You may have never had Uyghur or Uzbek cuisine, but it’ll taste familiar the minute you try it.
At the newly opened Marco & Polo Restaurant at 6504 American Boulevard in University Town Center in Hyattsville, the menu items include beef shish kebab, lamb chops, dolmas and baklava.
With influences from Central Asia, China and the Middle East — and, famously, influences on Italian cuisine — Uyghur cooking has similar tastes to dishes you’ve eaten elsewhere, but it’s just different enough to feel distinctive.
Be sure to try laghman noodles with beef (shown above) or lamb, the very dish that Marco Polo brought back to Italy and rebranded as spaghetti. (Since tomatoes are from the New World, you could think of spaghetti marinara as, essentially, American-Uyghur-Italian fusion cuisine.)
There’s also Big Plate Chicken, a chicken and potato stew served with flat noodles that became super popular in urban China, where it’s called Da Pan Ji.
Uyghurs (pronounced WEE-grr) are an ethic minority group from western China and Central Asia. Over the last few years, expats have opened up several restaurants in the D.C. metro area specializing in Uyghur cuisine. The Washington Post reported there are now about as many restaurants serving Uyghur food in the Washington area as there are in New York.

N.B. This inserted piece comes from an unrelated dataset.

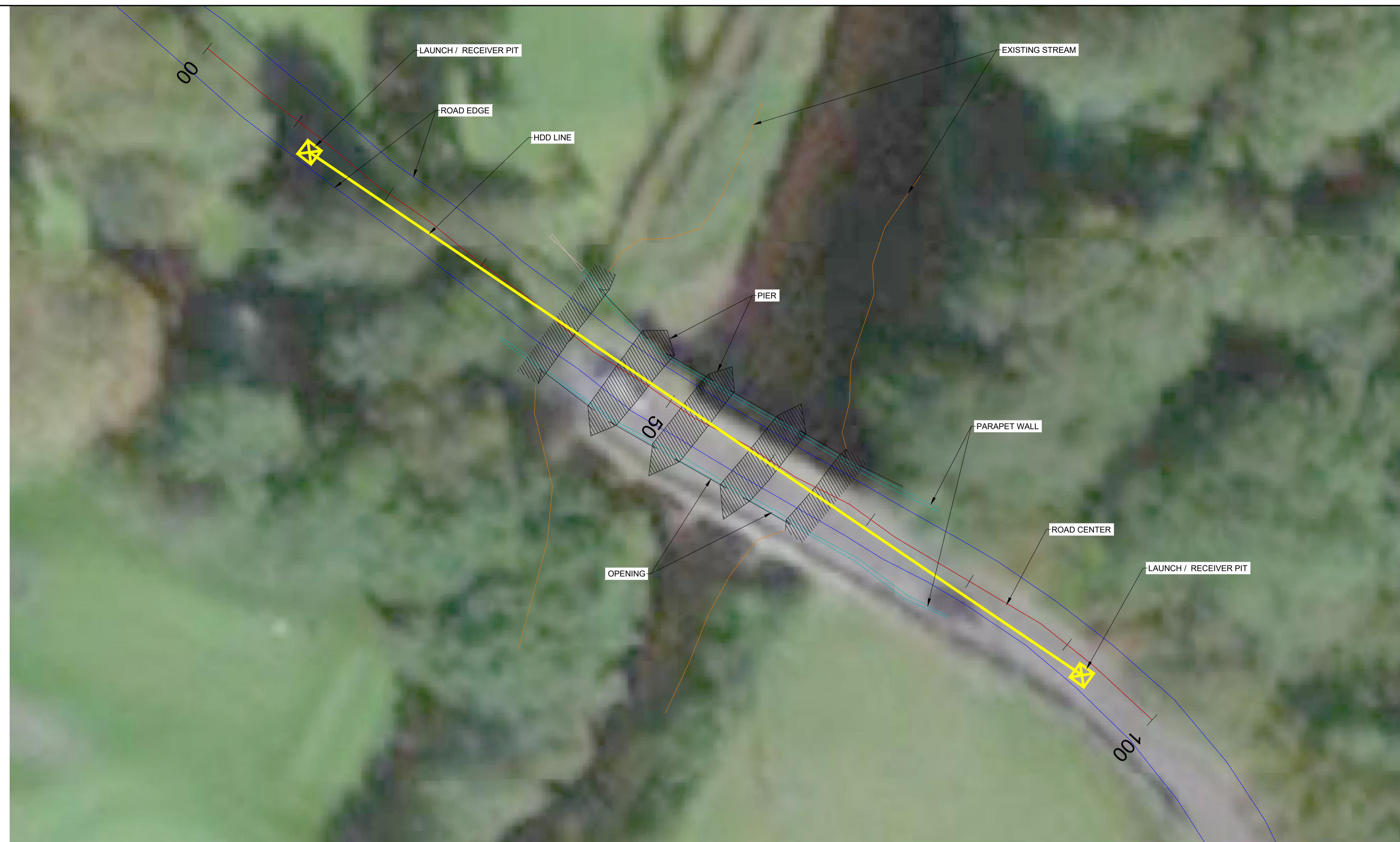
KLINAHOWEN BRIDGE HDD PLAN (WATERCOURSE CROSSING NO.11) SCALE 1:250

If things are slow, owner Gairatjan Rozi will be happy to fill you in on Uyghur culture and cuisine, as well as the troubled history of his homeland. Or you can ask about his fascinating personal life.
As the owner of a mid-sized clothing factory in Turkestan in the 1990s, Rozi specialized in traditional clothing as well as modern leather work, but his outspokenness on Chinese communism led him to get asylum in 2000 in the Netherlands, where he ran a Uyghur restaurant for many years.
While there, he continued his political work in partnership with anti-communist Chinese and Tibetans in exile, even meeting personally with the Dalai Lama.
Located across from the temporary library at University Town Center, Marco & Polo is open from 8 a.m. to 9:30 p.m. Monday through Friday and 11 a.m. to 10 p.m. on weekends with live music Friday and Saturday nights.